Pechino teme fuga dei capitali
Gli analisti stimano che la Banca Popolare Cinese dovrebbe – ma a questo punto dovremmo dire avrebbe dovuto – acquistare quest’anno bond governativi per 3.000 miliardi di yuan, circa 409 miliardi di dollari, al fine di iniettare liquidità sul mercato e sostenere la crescita economica. Tuttavia, Pechino sta notando come i rendimenti stiano risalendo presso gli altri principali mercati, Nord America ed Europa in testa. Un disallineamento tra i bond cinesi e quelli delle altre grandi economie accelererebbe la fuga dei capitali e metterebbe ulteriore pressione sul cambio.

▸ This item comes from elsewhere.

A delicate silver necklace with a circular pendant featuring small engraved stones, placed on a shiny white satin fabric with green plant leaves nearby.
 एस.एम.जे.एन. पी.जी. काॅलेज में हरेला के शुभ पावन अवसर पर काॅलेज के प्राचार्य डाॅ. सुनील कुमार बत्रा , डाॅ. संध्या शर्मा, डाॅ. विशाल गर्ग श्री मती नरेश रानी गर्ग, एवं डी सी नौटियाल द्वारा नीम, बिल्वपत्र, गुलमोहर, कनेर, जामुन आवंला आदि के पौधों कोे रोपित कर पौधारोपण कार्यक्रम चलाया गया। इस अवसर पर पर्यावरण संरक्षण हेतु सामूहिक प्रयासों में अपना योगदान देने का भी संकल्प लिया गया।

Timori in Cina per sindrome giapponese
Si è speculato in questi mesi che la Cina persegua appositamente uno yuan più debole, al fine di neutralizzare almeno in parte la minaccia dei dazi del presidente eletto Donald Trump. Tuttavia, la sua banca centrale ha segnalato di recente l’esatto contrario, fissando il tasso di cambio iniziale giornaliero a livelli più forti di quelli del mercato. Il presidente Xi Jinping sarebbe contrario all’indebolimento, in quanto punterebbe a rendere lo yuan una valuta stabile e di riferimento credibile per l’Asia.
La mossa della Banca Popolare Cinese non avrebbe a che vedere soltanto con lo yuan.

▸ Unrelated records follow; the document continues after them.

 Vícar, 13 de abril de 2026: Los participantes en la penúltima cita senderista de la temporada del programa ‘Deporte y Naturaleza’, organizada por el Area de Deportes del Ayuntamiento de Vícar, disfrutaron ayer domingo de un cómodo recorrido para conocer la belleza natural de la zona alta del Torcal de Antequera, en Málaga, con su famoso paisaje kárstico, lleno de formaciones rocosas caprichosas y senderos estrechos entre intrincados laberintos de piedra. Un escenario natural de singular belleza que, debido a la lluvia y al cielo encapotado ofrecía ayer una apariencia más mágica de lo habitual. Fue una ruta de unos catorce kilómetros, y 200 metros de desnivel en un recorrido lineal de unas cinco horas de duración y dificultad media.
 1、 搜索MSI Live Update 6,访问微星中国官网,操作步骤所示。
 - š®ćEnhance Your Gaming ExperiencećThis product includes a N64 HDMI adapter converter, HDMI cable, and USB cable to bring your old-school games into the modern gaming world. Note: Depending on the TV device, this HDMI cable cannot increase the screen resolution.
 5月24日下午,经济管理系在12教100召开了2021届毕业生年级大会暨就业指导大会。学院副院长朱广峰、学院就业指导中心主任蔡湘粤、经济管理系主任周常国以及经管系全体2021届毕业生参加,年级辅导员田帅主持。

Yuan arma negoziale di Xi con Trump
Infine, l’intervento a sostegno indiretto dello yuan può essere considerato un ramoscello di ulivo porto da Pechino a Trump alla vigilia dell’inaugurazione. Un segnale che la Cina non intenda scatenare una guerra valutaria e cerchi il dialogo per risolvere le divergenze commerciali. Del resto non possiamo affermare che i movimenti attorno allo yuan siano diretta conseguenza della volontà di Pechino. Euro e sterlina in questi mesi hanno fatto di peggio contro il dollaro. Il deprezzamento è legato alle aspettative del mercato, oltre che ai fondamentali macro. Ciò non toglie che Xi possa evocare l’arma della svalutazione nel caso in cui le trattative con Trump andassero male. Con un’inflazione interna azzerata, può permettersi di manovrare il cambio per un po’.